Central Texas Stampede
- Founded: 1996
- Last season: 2001
- League: Western Professional Hockey League
- Team history: Central Texas Stampede (1996–2001)
- Based in: Belton, Texas
- Arena: Bell County Expo Center
- Colors: Red, Gold, Black, & White
- Championships: 0
- Division titles: 1 (1999–00)

= Central Texas Stampede =

The Central Texas Stampede was a professional ice hockey team based in Belton, Texas. It was the first professional sports franchise established in the city.

The logo for the former minor league hockey team, the Central Texas Stampede, was inspired by the Texas Longhorns and the region's cattle-driven identity. It features an aggressive, stylized bull that references the mascot of the University of Texas at Austin, which is well-known throughout the state.

Founded in 1996, the Stampede was one of six charter members of the newly created Western Professional Hockey League (WPHL), a mid-level minor professional league that sought to expand hockey into southern U.S. markets. The team played its home games at the Bell County Expo Center (now Cadence Bank Center), a 6,500-seat multipurpose arena.

==History==
The Stampede's inaugural game took place on October 15, 1996, when they defeated the Waco Wizards 5–4 in the first-ever WPHL contest. Under head coach Bob Bourne, a former NHL player, the team posted a 35–27–2 record in the 1996–97 season, earning 72 points and advancing to the league finals, where they lost to the El Paso Buzzards 4-1.
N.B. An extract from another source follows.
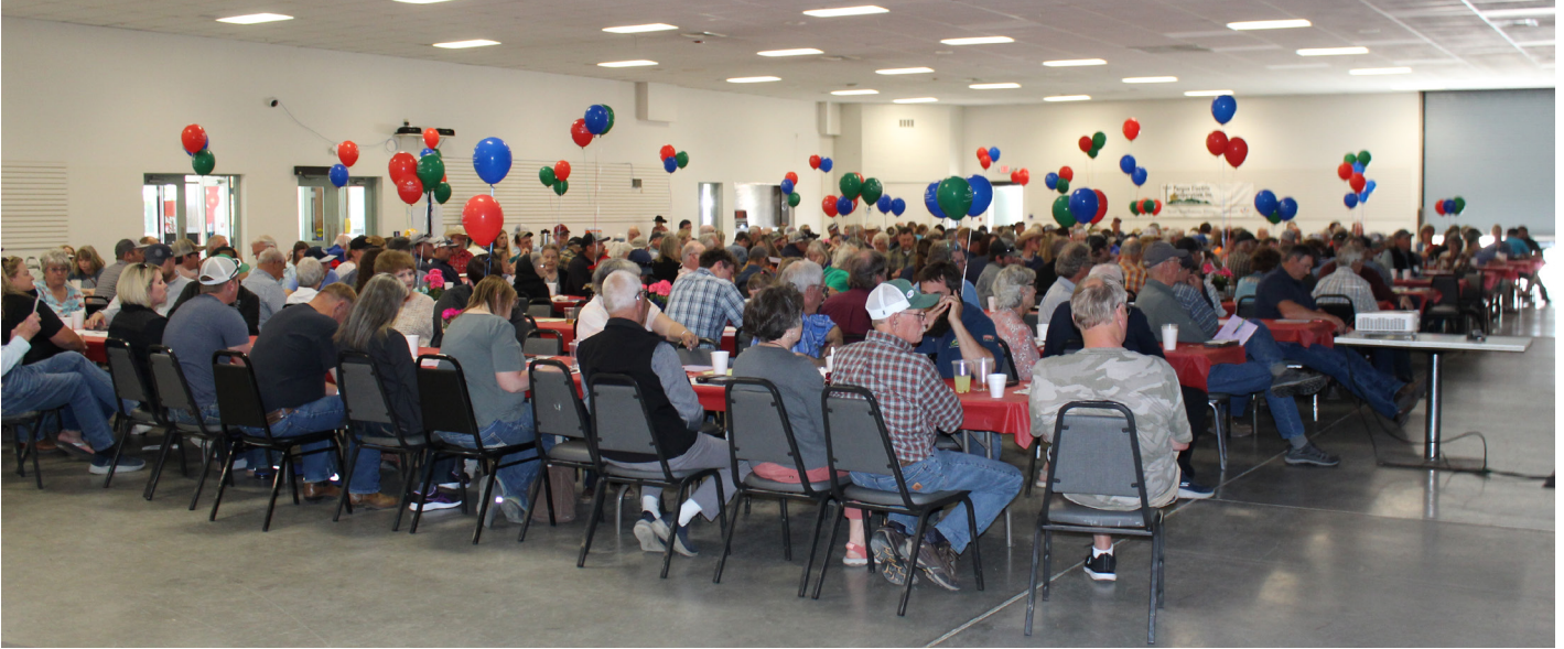
Fergus Electric's 86th Annual Meeting of the Members attracted more than 400 attendees.

In the following seasons, the Stampede experienced varying levels of success. Coached by former NHL defenseman Lee Norwood in 1997–98, they improved to a 40–23–6 record with 86 points but were eliminated in the first round of the playoffs. The 1998–99 campaign, led by coach Glen Williamson, saw a 33–24–12 finish for 78 points, again ending in a first-round playoff exit. The team's peak came in 1999–2000 under head coach Todd Lalonde, who guided them to a league-best 50–17–3 record and 103 points, securing the Central Division title. Despite this strong regular season, the Stampede were ousted in the third round of the playoffs.
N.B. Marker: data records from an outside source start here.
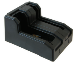
// 2-BAY BATTERY CHARGER
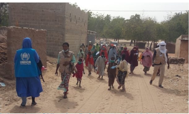
Relocation of Nigerian Refugees to Chadakori site

campaigns on a wide range of topics including COVID-19 and malaria prevention, child protection and sexual and gender-based violence (SGBV), reaching 15,291 persons of concern and members of host communities.
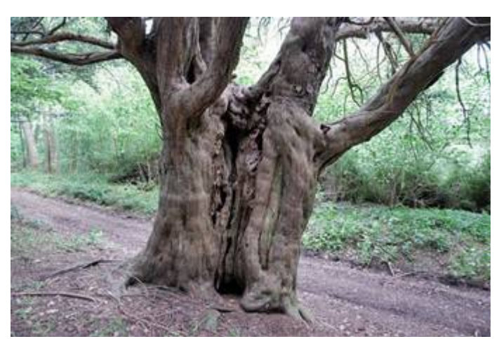
Continue down this footpath and at the end of this wood is found the last yew, a male girthing 9' 8". At the next wood and just inside turn east, head back across the field to ' The Avenue ' and retrace your steps to the church.

Financial difficulties plagued the franchise throughout its existence, exacerbated by inconsistent attendance figures in a market with a limited population base and competition from other regional entertainment options. In their final partial season of 2000–01, still under Lalonde, the team managed only a 14–19–5 record over 38 games before folding on January 6, 2001, midway through the campaign. The WPHL itself merged with the Central Hockey League (CHL) at the end of that season, but the Stampede did not continue in the new league.
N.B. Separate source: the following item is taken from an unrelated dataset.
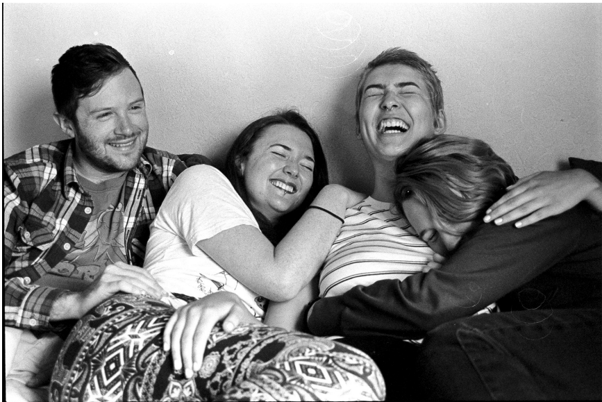
Fig. 3 The 20-20 Sandwich

Following the team's dissolution, the Belton market saw no professional ice hockey for over two decades. However, in 2025, efforts to revive the Stampede gained traction. Social media accounts and an official website emerged, teasing a potential return of minor league hockey to Central Texas. While excitement built among fans, representatives from the Cadence Bank Center indicated no immediate plans for arena usage, and the revival remained in early planning stages, focused on roster building, merchandise development, and community engagement. As of late 2025, no specific league affiliation or start date had been confirmed, leaving the project's future uncertain but promising.

=== Revival ===
In July 2025, rumors circulated on social media and local outlets about a potential revival of the Central Texas Stampede. Cadence Bank Center officials denied these claims on July 1, 2025, stating there were no confirmed plans, commitments, or contracts in place. Local media verified that while fan nostalgia persists, no return was imminent as of that date.